De volta para a realidade, hoje como uma mulher madura e muito bem resolvida e por ironia do destino ainda solteira, esses métodos de descoberta de quem seria/será seu marido foram se aprimorando. O garoto malandro deu lugar ao nerd da faculdade, o recém formado deu lugar ao empreendedor. Com o tempo, passamos a nos importar mais com estabilidade e competência do que com a “pegada” e a beleza. Claro sinal de amadurecimento, mas também de consistente desespero em encontrar logo o homem certo. Nessas horas, toda nossa ideologia se converte, adapta e diverge. É muito fácil ser exigente com 18 aninhos e todo o conforto da frase “Você tem a vida inteira pela frente”. Mas bem sabemos que na prática, a teoria é outra! Sucumbidas pelo desejo de encontrar essa suposta alma-gêmea – que se enquadraria naturalmente ao Brad Pitt para qualquer uma – nos vemos, no sentido literal da palavra, obcecadas. Quase malucas. Ou os dois.
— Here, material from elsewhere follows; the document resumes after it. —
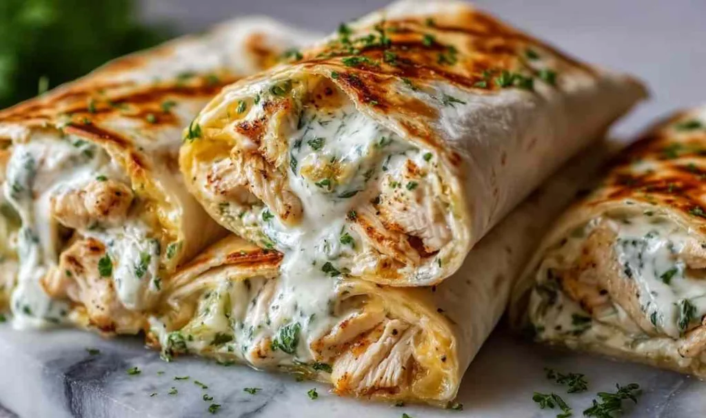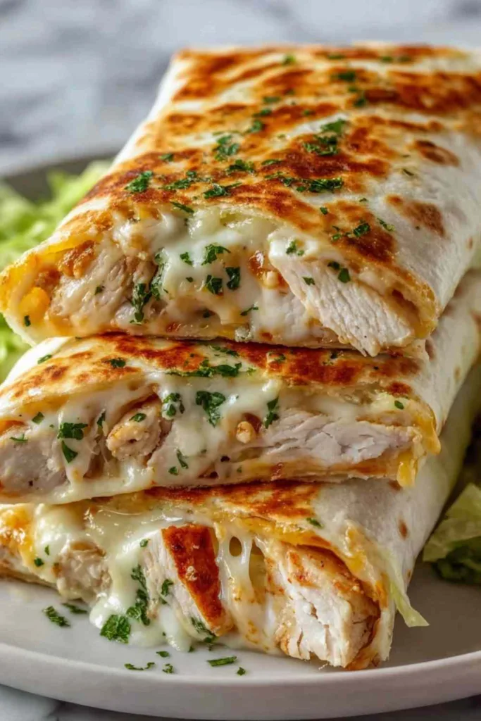 Quick and delicious wraps filled with seasoned chicken, melted mozzarella and cheddar cheese, and cream cheese, all wrapped in a crispy garlic butter-brushed tortilla. Ready in just 20 minutes.

Pensando nisso, aqui vai uma lista com as características primordiais em um bom macho:

1) Fiel: Honestamente, traição é algo bem relativo e contraditório; ao invés de se consolidar com o tempo, os relacionamentos duradouros são aqueles em que um dos dois aceita a posição de corno para não interferir na estabilidade do casal. Geralmente, isso é mais comum em quem já tem casa, filhos e cachorro. Como já dizia o falecido, porém, sempre sábio Reginaldo Rossi “Chifre é a única coisa que se você não teve, vai ter.” Aceitar isso seria uma possível solução? Não. Mas manteria um relacionamento? Sim, claro. Agora que tipo de relacionamento vale a pena manter quando não se tem confiança ou respeito? Uma pessoa fiel à seus princípios, seus valores tem mais valor do que aquele cara que finge não olhar para a menina passando na rua – mais gostosa do que você – por trás dos óculos. Fidelidade é algo conquistado de dentro pra fora, é essência.
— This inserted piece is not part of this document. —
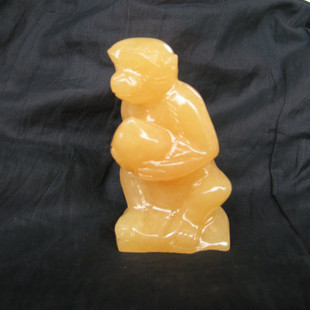 開光天然米黃玉生肖猴 吉猴抱桃吉祥擺件 護身 屬蛇吉祥

2) Carinhoso: Por motivos óbvios fica em segundo lugar na lista, afinal, ninguém merece um cara escroto que fala com você como se espantasse um flanelinha no sinal. E a pior coisa que tem é alguém que mendiga carinho de outro. Meu povo, melhore! Carinho se não for dado, de graça mesmo, não merece ser cobrado e não pode ser ensinado. Ninguém “adestra” alguém a ser carinhoso. Infelizmente, diga-se de passagem. Seria muito mais fácil soltar um Border Collie pra cima dele e fazê-lo seguir à risca suas ordens. Maldito livre arbítrio!

3) Estudado: Valorize alguém que sabe mais do que quem foi o eliminado do último BBB ou o cantor daquela música top mundial. Valorize alguém que tem interesse em aprender assuntos completamente desinteressantes pra você. Valorize alguém que não se acomoda e que, provavelmente, fez questão de aprender todas as mudanças do “novo” acordo ortográfico – que eu, sinceramente, ainda nem decorei. Por fim, valorize quem possa te ensinar algo também, mesmo que sequer saiba quando vai utilizar.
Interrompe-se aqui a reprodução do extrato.